##### Information #####

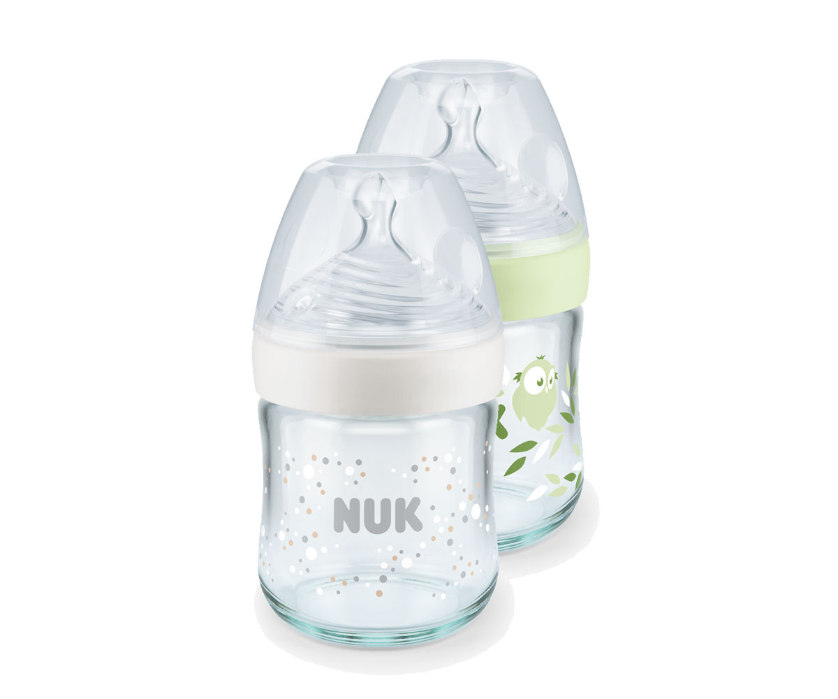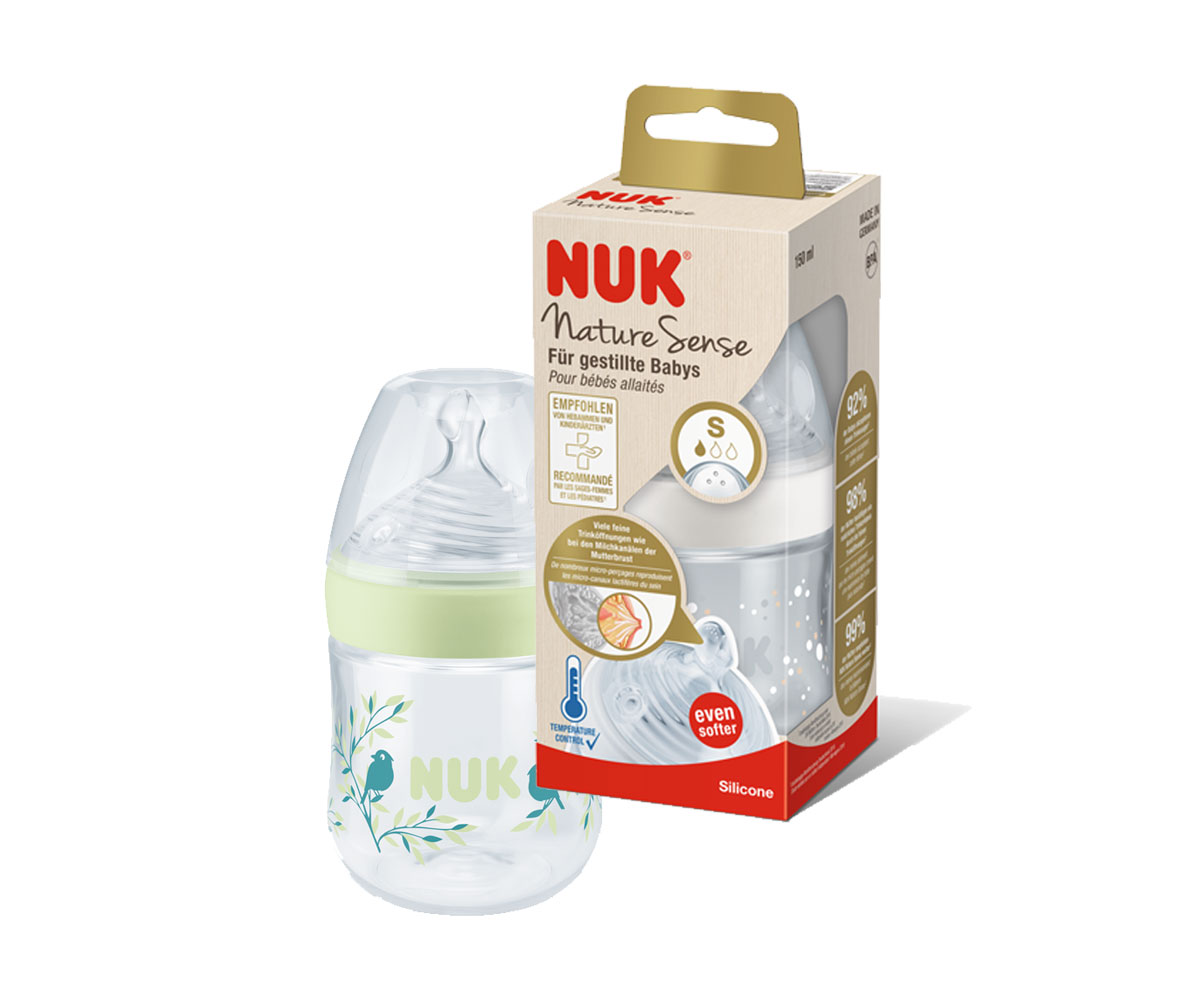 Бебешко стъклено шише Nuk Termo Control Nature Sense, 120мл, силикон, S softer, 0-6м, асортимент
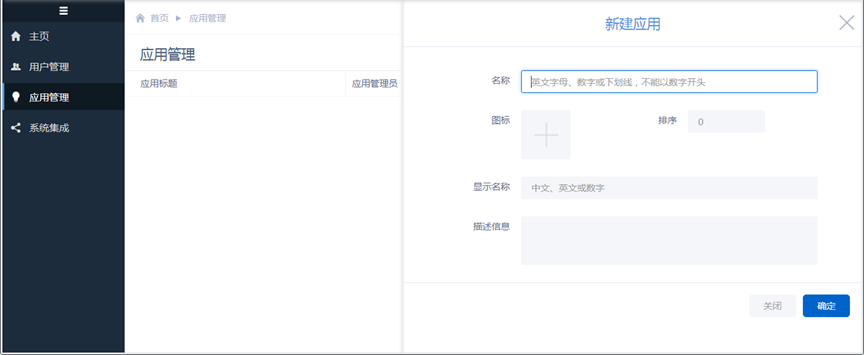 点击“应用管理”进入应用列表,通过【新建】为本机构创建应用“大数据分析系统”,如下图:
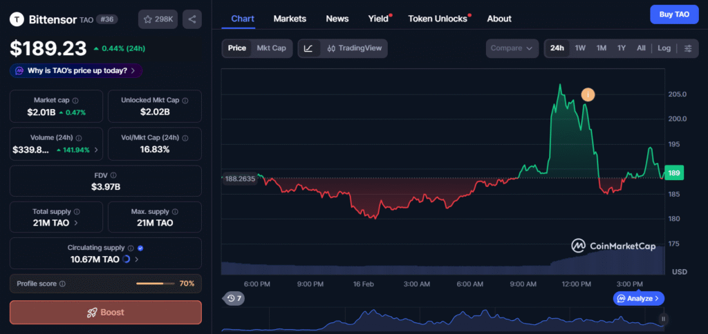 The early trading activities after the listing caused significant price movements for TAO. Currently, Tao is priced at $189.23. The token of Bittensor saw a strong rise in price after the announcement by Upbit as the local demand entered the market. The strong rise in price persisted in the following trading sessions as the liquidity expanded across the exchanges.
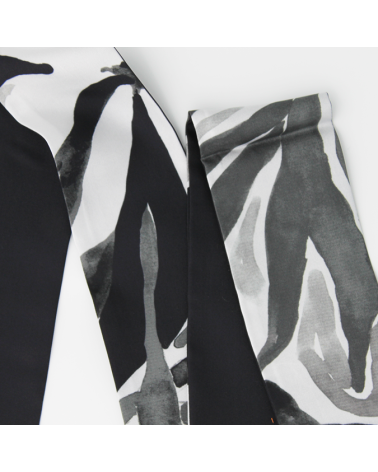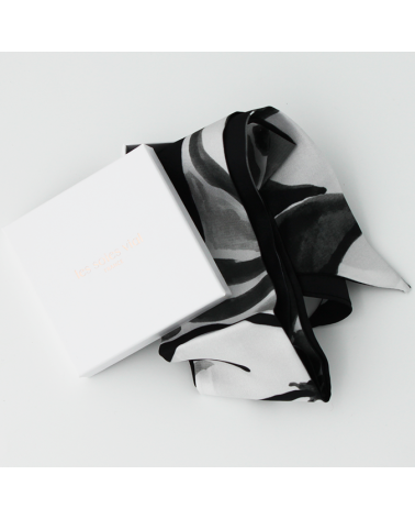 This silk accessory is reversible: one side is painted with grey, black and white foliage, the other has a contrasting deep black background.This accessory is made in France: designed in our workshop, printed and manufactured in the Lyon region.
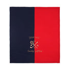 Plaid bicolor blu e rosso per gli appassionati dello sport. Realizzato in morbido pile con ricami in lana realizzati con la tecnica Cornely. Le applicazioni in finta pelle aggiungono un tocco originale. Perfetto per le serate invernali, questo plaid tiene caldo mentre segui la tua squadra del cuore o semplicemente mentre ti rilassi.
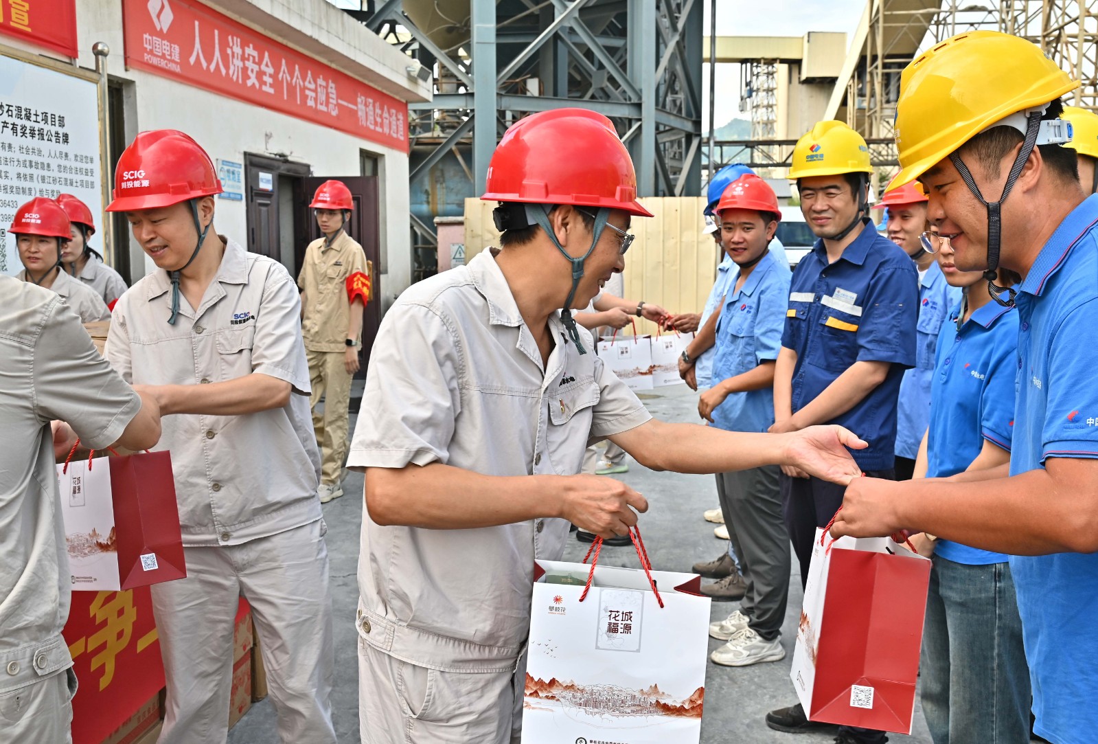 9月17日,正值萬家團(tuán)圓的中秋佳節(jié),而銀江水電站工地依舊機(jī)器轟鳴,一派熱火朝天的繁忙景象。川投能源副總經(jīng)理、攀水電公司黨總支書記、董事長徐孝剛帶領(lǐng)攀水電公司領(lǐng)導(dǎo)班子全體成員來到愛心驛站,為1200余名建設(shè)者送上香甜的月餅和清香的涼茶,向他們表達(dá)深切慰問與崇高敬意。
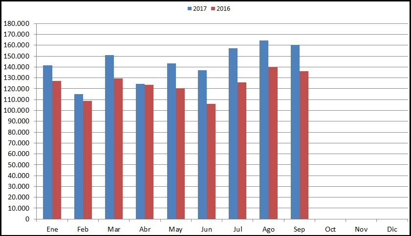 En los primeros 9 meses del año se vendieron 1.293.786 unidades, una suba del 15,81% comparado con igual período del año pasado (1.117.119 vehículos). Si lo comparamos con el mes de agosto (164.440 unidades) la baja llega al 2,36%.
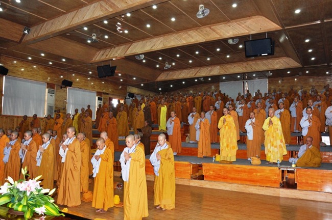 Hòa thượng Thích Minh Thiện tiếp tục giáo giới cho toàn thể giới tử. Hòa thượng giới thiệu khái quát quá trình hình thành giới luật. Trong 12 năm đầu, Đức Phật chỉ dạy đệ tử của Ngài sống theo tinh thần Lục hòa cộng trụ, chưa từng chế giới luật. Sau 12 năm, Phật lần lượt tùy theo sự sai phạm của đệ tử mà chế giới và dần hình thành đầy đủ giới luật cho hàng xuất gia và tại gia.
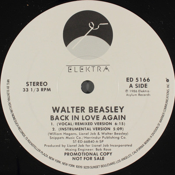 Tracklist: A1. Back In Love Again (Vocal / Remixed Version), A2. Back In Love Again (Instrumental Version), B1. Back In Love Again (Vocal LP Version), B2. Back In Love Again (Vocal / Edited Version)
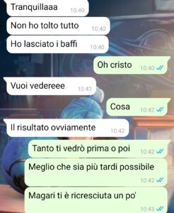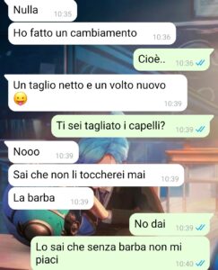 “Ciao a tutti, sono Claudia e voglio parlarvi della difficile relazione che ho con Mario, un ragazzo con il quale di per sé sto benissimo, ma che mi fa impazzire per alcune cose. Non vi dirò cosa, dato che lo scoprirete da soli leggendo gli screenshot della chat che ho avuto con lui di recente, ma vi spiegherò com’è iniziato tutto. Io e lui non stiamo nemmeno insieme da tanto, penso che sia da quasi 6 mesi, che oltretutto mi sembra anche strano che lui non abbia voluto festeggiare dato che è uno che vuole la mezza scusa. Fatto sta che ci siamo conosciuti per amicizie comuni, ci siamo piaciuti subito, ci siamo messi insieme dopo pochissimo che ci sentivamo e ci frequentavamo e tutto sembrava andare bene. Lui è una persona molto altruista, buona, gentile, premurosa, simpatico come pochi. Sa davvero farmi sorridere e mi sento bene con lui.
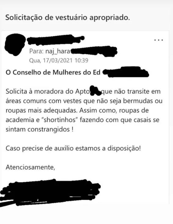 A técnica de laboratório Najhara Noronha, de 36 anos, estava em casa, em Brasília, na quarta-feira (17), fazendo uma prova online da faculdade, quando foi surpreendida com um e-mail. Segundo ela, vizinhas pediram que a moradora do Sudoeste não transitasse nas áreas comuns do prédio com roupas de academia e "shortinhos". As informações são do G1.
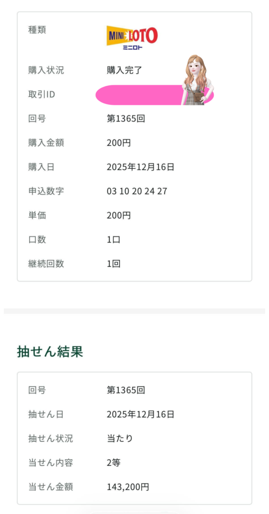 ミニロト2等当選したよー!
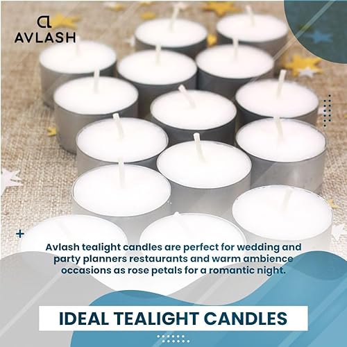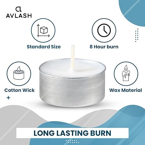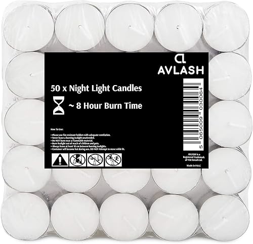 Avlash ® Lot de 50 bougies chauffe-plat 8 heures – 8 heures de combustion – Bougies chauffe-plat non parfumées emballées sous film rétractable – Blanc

#####

◆ Problem: Down to the last line, return the entries above exactly, with no pictures.

◆ Exercise result:
 Бебешко стъклено шише Nuk Termo Control Nature Sense, 120мл, силикон, S softer, 0-6м, асортимент
 点击“应用管理”进入应用列表,通过【新建】为本机构创建应用“大数据分析系统”,如下图:
 The early trading activities after the listing caused significant price movements for TAO. Currently, Tao is priced at $189.23. The token of Bittensor saw a strong rise in price after the announcement by Upbit as the local demand entered the market. The strong rise in price persisted in the following trading sessions as the liquidity expanded across the exchanges.
 This silk accessory is reversible: one side is painted with grey, black and white foliage, the other has a contrasting deep black background.This accessory is made in France: designed in our workshop, printed and manufactured in the Lyon region.
 Plaid bicolor blu e rosso per gli appassionati dello sport. Realizzato in morbido pile con ricami in lana realizzati con la tecnica Cornely. Le applicazioni in finta pelle aggiungono un tocco originale. Perfetto per le serate invernali, questo plaid tiene caldo mentre segui la tua squadra del cuore o semplicemente mentre ti rilassi.
 9月17日,正值萬家團(tuán)圓的中秋佳節(jié),而銀江水電站工地依舊機(jī)器轟鳴,一派熱火朝天的繁忙景象。川投能源副總經(jīng)理、攀水電公司黨總支書記、董事長徐孝剛帶領(lǐng)攀水電公司領(lǐng)導(dǎo)班子全體成員來到愛心驛站,為1200余名建設(shè)者送上香甜的月餅和清香的涼茶,向他們表達(dá)深切慰問與崇高敬意。
 En los primeros 9 meses del año se vendieron 1.293.786 unidades, una suba del 15,81% comparado con igual período del año pasado (1.117.119 vehículos). Si lo comparamos con el mes de agosto (164.440 unidades) la baja llega al 2,36%.
 Hòa thượng Thích Minh Thiện tiếp tục giáo giới cho toàn thể giới tử. Hòa thượng giới thiệu khái quát quá trình hình thành giới luật. Trong 12 năm đầu, Đức Phật chỉ dạy đệ tử của Ngài sống theo tinh thần Lục hòa cộng trụ, chưa từng chế giới luật. Sau 12 năm, Phật lần lượt tùy theo sự sai phạm của đệ tử mà chế giới và dần hình thành đầy đủ giới luật cho hàng xuất gia và tại gia.
 Tracklist: A1. Back In Love Again (Vocal / Remixed Version), A2. Back In Love Again (Instrumental Version), B1. Back In Love Again (Vocal LP Version), B2. Back In Love Again (Vocal / Edited Version)
 “Ciao a tutti, sono Claudia e voglio parlarvi della difficile relazione che ho con Mario, un ragazzo con il quale di per sé sto benissimo, ma che mi fa impazzire per alcune cose. Non vi dirò cosa, dato che lo scoprirete da soli leggendo gli screenshot della chat che ho avuto con lui di recente, ma vi spiegherò com’è iniziato tutto. Io e lui non stiamo nemmeno insieme da tanto, penso che sia da quasi 6 mesi, che oltretutto mi sembra anche strano che lui non abbia voluto festeggiare dato che è uno che vuole la mezza scusa. Fatto sta che ci siamo conosciuti per amicizie comuni, ci siamo piaciuti subito, ci siamo messi insieme dopo pochissimo che ci sentivamo e ci frequentavamo e tutto sembrava andare bene. Lui è una persona molto altruista, buona, gentile, premurosa, simpatico come pochi. Sa davvero farmi sorridere e mi sento bene con lui.
 A técnica de laboratório Najhara Noronha, de 36 anos, estava em casa, em Brasília, na quarta-feira (17), fazendo uma prova online da faculdade, quando foi surpreendida com um e-mail. Segundo ela, vizinhas pediram que a moradora do Sudoeste não transitasse nas áreas comuns do prédio com roupas de academia e "shortinhos". As informações são do G1.
 ミニロト2等当選したよー!
 Avlash ® Lot de 50 bougies chauffe-plat 8 heures – 8 heures de combustion – Bougies chauffe-plat non parfumées emballées sous film rétractable – Blanc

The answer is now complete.